Why should any of this trouble us? The reason is that these slack verbal indulgences only pretend to serve as innocuous filler. They create a tacit prejudice, a vaporous presumption of instant concurrence, in an area where honest thinking would have to pursue the subject much longer. They signal inclusiveness and a cost-free conformity, while brushing aside every plausible objection to the suitability of a metaphor, the justice of a comparison, the hyperbolic nature of a given claim.

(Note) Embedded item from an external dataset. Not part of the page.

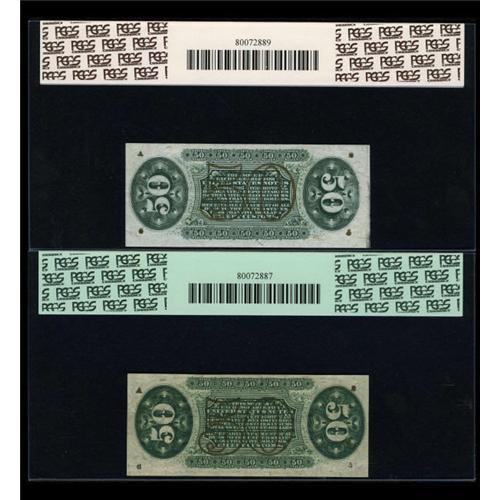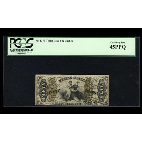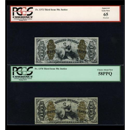 <B>Three Fiber Paper Justice Notes.</B></I> <B>Fr. 1370 50c PCGS</B></I> <B>58PPQ</B></I>, a lovely note, with broad margins, super color and clearly original paper surfaces. <B>Fr. 1372 50c PCGS Apparent 65</B></I>, an attractive note with extraordinary margins and the PCGS comment, "Bleached." <B>Fr. 1373 50c </B></I>a handsome <B>PCGS Extremely Fine 45PPQ</B></I>. <BR><I>From The Thomas M. Flynn Collection</B></I><BR><BR><b>Shipping:</b> Coins & Currency (<a target="_blank" href="http://www.heritageauctions.com/common/shipping.php">view shipping information</a>)

You may say the examples above don’t deserve the name of cant, which wants whole sentences and paragraphs to breathe in. That is an honorable purist objection, true as far as it goes. Still, these atomic particles illustrate the verbal medium of the chattering class in one important subspecies, the jargon of knowingness. Consequential meaning-markers in the high corporate world, they are rarely blocked from the discourse (“discourse”! We almost forgot you!) of the social sciences, the div schools, and the law schools—those shiny, slippery word-fruit that we pluck, eat, and send into the world without a second thought.